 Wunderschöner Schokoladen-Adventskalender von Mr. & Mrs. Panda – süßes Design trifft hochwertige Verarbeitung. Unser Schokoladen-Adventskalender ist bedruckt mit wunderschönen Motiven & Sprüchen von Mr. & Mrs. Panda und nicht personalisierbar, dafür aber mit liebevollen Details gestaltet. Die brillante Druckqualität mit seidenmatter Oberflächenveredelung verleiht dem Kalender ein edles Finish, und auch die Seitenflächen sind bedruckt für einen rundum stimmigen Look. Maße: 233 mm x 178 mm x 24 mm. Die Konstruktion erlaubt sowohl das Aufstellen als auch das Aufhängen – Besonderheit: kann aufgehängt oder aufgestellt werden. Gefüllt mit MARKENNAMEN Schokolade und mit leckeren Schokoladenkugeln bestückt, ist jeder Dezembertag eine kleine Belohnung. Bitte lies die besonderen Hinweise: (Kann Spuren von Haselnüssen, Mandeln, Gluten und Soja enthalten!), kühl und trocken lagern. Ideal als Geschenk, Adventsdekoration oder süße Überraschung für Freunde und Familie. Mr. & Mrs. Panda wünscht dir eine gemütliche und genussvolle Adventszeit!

* * *

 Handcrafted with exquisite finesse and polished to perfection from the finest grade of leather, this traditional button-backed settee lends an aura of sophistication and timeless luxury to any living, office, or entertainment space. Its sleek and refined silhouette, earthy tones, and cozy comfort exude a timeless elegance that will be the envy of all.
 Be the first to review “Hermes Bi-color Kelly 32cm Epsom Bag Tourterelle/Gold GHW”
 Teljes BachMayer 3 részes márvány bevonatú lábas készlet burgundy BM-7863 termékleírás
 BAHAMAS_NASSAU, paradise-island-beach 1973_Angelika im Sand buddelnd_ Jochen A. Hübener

Assignment: Using the data above, repeat exactly the lines that begin at the line with "Be the first" and end at the line with "BAHAMAS_NASSAU, paradise-island-beach 1973_Angelika", both ends included.

Reply to the task:
 Be the first to review “Hermes Bi-color Kelly 32cm Epsom Bag Tourterelle/Gold GHW”
 Teljes BachMayer 3 részes márvány bevonatú lábas készlet burgundy BM-7863 termékleírás
 BAHAMAS_NASSAU, paradise-island-beach 1973_Angelika im Sand buddelnd_ Jochen A. Hübener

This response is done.